Origin Story

fullsizeoutput_13eb

When I was in my mid-20s and trying to figure out what to do with my life after dropping out of law school, I decided to take a class at Cleveland State University’s Maxine Goodman Levin College of Urban Affairs. The course, an introduction to urban planning, sounded fairly interesting to me, and was being taught by a man who had previously served as Planning Director of the City of Cleveland. Some guy named Norman Krumholz.

Krumholz, who was brought to Cleveland by Mayor Carl B. Stokes in 1969, was a pioneer and champion of what is called “equity planning,” and for the duration of his 10-year tenure with the city, that was how he approached the work of the Planning Commission.

As he described it to my classmates and I during that course’s first meeting, equity planning meant “planning the most [resources] for those with the least.”

It was revolutionary in his time, and to a great extent remains so. It is a lesson that has stuck with me ever since.
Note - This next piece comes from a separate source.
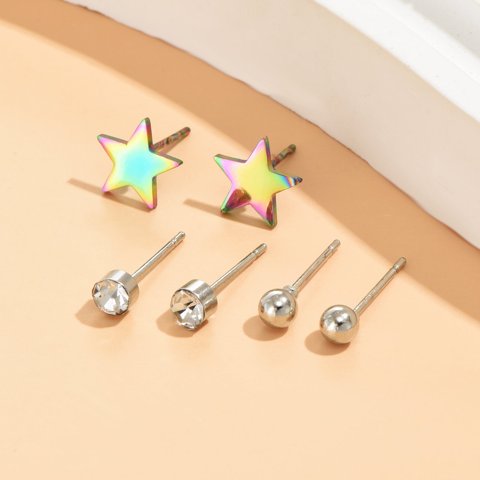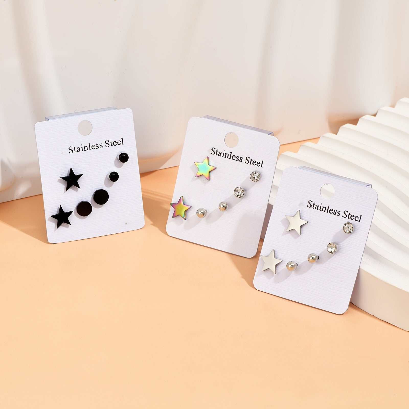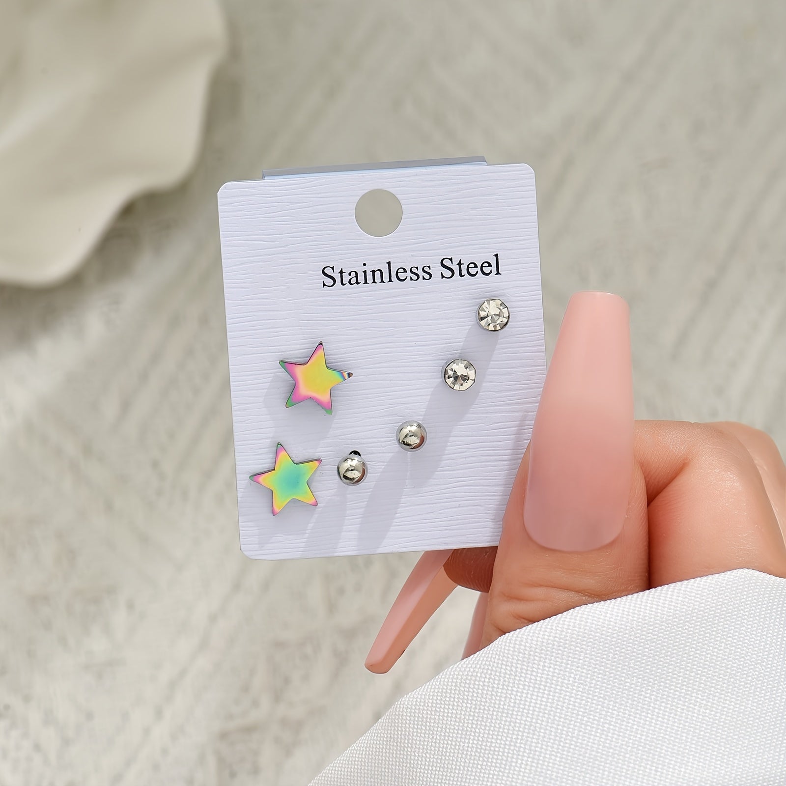 Add a touch of sparkle to your outfit with these stainless steel stud earrings featuring a colored point star design. Set includes 6 pairs to mix and match.

The next semester, I took Krumholz’s “Neighborhood Planning” seminar, where we had the opportunity to work firsthand for a community development corporation in Cleveland’s Fairfax neighborhood, and witnessed up close the plight of places that had the deck stacked against them. The kind of place for which equity planning was invented.

fullsizeoutput_13ec

I was hooked. I loved the work and the possibilities of helping to make people’s lives a little bit better and a little bit easier. I went on to earn a Master of City and Regional Planning degree from The Ohio State University, and while in Columbus went to work for a CDC in a neighborhood very similar to Fairfax. While with the Greater Linden Development Corporation (sadly, now defunct), we tried to do just what Norm had taught me: build community amongst and secure resources for those people who had the least.

All these years later, I still work in the community development field, albeit in a consulting role, and I still find myself trying to live up to the ideals Norm instilled in me.